Она вздрогнула, заметив, как светло стало вокруг и как оживилась прерия внизу, и торопливо спустилась по склону, а потом помчалась к пурпурным шатрам табуна Мадженти.
* * *
– Не дергайся, я почти закончила, – укорила мать, когда Ривер заерзала на месте.
– Мама, я прекрасно выгляжу. У меня и без того слишком много лент в волосах. Мы опоздаем!
– Лент много не бывает, – заметила тетя Хизер, заглядывая в шатер. – Но Ривер права. Претенденты уже собираются. Табун нас ждет. Пора идти.
– Возьми девочек и идите вперед. Мы с Ривер вас догоним. Им придется подождать всех Старших Всадниц, тем более что дочь одной из них участвует в Избрании, – сказала мать. Казалось, волнение, наполнявшее воздух, совершенно ее не тревожит.
– Мама, пожалуйста. Пойдем. Все мои друзья уже там.
– Последнее, о чем тебе следует беспокоиться сегодня, – это что делают или думают другие. – Мать улыбнулась, смягчая упрек. – Они подождут. Одна из Старших Всадниц табуна Киноварь тоже представляет дочь. Могу поспорить, они тоже еще не явились. – Она отступила на шаг, придирчиво изучая Ривер. – Ты почти идеальна.
– Мама! Почти? – Ривер замолчала, борясь с желанием взвыть и выскочить из шатра.
– Да, почти. И я знаю, как сделать тебя совершенно идеальной.
Мать подошла к деревянному дорожному сундуку, служившему им столом. Она сняла прикрывавшую его пурпурную ткань и, откинув крышку, быстро достала что-то из внутреннего отделения. Затем она выпрямилась и вернулась к сгорающей от нетерпения старшей дочери, держа на вытянутых руках сверкающее ожерелье.

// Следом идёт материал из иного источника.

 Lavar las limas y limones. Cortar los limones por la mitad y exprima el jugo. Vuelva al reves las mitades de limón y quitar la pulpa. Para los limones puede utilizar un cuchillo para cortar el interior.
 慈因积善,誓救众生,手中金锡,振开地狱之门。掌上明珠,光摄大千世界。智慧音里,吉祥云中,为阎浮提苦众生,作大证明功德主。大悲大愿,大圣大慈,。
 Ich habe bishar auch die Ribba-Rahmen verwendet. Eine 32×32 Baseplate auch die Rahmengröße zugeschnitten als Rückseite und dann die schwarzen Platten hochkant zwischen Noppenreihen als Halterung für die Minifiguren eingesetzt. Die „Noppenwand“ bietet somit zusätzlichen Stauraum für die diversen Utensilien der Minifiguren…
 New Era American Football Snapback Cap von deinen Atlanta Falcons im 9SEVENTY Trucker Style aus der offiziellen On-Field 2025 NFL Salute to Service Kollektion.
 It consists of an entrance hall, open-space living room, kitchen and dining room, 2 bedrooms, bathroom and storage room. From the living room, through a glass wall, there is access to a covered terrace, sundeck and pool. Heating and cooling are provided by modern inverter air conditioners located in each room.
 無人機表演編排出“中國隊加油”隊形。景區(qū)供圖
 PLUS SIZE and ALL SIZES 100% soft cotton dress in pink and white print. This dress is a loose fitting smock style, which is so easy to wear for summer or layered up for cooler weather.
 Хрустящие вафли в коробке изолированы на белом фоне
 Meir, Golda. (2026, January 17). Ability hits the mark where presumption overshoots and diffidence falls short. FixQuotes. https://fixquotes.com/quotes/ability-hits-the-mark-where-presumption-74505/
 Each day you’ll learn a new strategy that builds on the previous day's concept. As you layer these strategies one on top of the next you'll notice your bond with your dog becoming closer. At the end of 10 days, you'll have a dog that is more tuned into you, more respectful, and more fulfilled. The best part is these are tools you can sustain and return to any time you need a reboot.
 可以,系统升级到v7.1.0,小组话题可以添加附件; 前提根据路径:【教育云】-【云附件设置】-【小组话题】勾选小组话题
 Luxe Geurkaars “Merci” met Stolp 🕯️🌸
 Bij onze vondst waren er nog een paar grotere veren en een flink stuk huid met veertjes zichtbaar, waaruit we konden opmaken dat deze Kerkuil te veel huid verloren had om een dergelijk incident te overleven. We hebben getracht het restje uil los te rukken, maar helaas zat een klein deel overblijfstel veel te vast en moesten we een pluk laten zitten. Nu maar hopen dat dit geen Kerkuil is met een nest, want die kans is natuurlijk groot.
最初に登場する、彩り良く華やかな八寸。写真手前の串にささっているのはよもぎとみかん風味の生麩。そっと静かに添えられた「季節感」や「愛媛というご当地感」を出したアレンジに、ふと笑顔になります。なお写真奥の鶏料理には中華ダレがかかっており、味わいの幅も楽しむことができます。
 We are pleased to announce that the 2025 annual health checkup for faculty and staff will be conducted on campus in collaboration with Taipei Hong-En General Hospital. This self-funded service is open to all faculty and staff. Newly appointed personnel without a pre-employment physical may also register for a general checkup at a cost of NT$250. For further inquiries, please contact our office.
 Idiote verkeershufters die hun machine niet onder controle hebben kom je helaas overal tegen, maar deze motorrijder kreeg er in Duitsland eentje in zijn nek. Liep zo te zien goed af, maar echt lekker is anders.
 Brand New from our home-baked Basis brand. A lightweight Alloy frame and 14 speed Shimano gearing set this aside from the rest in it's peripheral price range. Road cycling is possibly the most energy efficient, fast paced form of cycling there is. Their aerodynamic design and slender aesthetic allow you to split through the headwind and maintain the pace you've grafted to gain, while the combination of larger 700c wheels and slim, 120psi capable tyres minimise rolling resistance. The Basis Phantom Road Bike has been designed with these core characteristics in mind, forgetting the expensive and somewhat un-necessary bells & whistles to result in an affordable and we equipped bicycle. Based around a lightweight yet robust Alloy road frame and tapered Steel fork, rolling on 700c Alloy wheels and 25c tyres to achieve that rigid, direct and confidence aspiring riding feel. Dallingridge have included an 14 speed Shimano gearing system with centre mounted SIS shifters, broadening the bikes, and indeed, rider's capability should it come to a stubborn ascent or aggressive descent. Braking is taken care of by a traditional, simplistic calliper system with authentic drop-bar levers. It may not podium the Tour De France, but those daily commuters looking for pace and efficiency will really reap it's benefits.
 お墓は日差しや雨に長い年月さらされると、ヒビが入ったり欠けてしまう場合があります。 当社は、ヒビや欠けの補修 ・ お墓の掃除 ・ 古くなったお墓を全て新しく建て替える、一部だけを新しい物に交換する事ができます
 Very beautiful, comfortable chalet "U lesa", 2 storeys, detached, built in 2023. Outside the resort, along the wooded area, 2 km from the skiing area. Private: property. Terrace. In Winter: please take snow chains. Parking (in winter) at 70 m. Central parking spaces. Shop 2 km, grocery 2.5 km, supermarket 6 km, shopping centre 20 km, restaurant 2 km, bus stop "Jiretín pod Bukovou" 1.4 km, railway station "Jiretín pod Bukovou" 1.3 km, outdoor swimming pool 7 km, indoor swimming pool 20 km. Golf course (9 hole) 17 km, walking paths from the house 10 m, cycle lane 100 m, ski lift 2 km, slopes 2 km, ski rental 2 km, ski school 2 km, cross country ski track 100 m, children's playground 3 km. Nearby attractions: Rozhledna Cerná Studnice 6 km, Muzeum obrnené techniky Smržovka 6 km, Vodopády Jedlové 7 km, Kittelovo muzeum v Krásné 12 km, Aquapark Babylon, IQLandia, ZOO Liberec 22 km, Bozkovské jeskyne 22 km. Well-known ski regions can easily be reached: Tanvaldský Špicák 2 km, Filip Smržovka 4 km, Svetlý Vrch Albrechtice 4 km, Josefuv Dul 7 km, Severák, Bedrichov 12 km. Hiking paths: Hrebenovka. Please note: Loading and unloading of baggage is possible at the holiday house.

– Вот что сделает тебя совершенно идеальной.
– Это же ожерелье бабушки! Я думала, его погребли вместе с ней.
– Нет. – Мать помолчала, благоговейно поглаживая ожерелье. – Об этом ожерелье она распорядилась особо. Она попросила, чтобы его не отправляли с ней на Иные Равнины. Она хотела, чтобы я отдала его тебе в день Избрания.
– Тебе не кажется, что бабушка имела в виду: если меня выберут? – Ривер сморгнула слезы, глядя на ожерелье, которое не видела пять лет со дня смерти бабушки. Точно таким она его и запомнила. Серебряные бусины, украшенные филигранной резьбой в виде конских голов, чередовались с аметистами цвета весенней сирени, красивее которых Ривер еще не видела. Каждый камень был размером с очищенный грецкий орех, и на их плоских гранях играло солнце.
– Нет. Бабушка сказала именно то, что имела в виду. Она сказала: «Отдай его Ривер в день, когда ее представят в качестве Претендентки, поцелуй ее за меня и передай ей, что я ее люблю». А теперь повернись и дай мне его застегнуть.
Ривер вытерла слезы и повиновалась. Ожерелье приятной тяжестью легло на шею, придавая уверенности. Ривер коснулась двух самых крупных аметистов, свисающих с центральной части ожерелья. Они были гладкими и прохладными, но почти сразу она почувствовала, как они нагреваются, пульсируя в такт ее сердцебиению.
Мать развернула ее к себе лицом и снова осмотрела – на этот раз со слезами на глазах. Затем она подняла повыше отполированный осколок драгоценного стекла и заглянула в него вместе с дочерью.
Ривер коснулась центрального аметиста. Ожерелье бабушки великолепно смотрелось на ее гладкой темной коже. Мать умела мастерски вплетать в волосы дочери ленты, а уж этим утром Дон и вовсе расстаралась, создав из копны черных кудряшек сложное плетение: волосы плотно прилегали к коже головы, а ниже свободно падали на спину, переплетаясь с пурпурными лентами, расшитыми серебристым волосом любимой кобылы матери. Даже Ривер, которая редко задумывалась над тем, как выглядит, вынуждена была признать, что на темной коже ее плеч пурпурные ленты смотрелись потрясающе.
– Это правда я?
Дон смахнула слезу и обняла любимую дочь за плечи.
– Это ты, и ты великолепна. – Она поцеловала Ривер в лоб. – Это от бабушки. – Затем она легко поцеловала дочь в губы. – А это от меня. И помни: я всегда буду тобой гордиться. Я прошу лишь, чтобы ты была добра, справедлива и всегда трудилась на совесть.
– А если меня не вы…
– Нет! – оборвала ее мать. – Мы с тобой говорим не о жеребятах. Мы говорим о моей дочери, которой я горжусь и всегда буду гордиться. Не нервничай. Живи настоящим. Будь открыта. Будь собой. Это все, чего я или любой жеребенок можем от тебя просить.
– Я волнуюсь.
– Я тоже! – Дон нежно коснулась щеки дочери. – Но не потому, что сомневаюсь в исходе сегодняшнего дня. Я не сомневаюсь. Я волнуюсь, потому что сегодня моя старшая дочь станет взрослой. Из-за этого мы с Эхо чувствуем себя ужасно старыми.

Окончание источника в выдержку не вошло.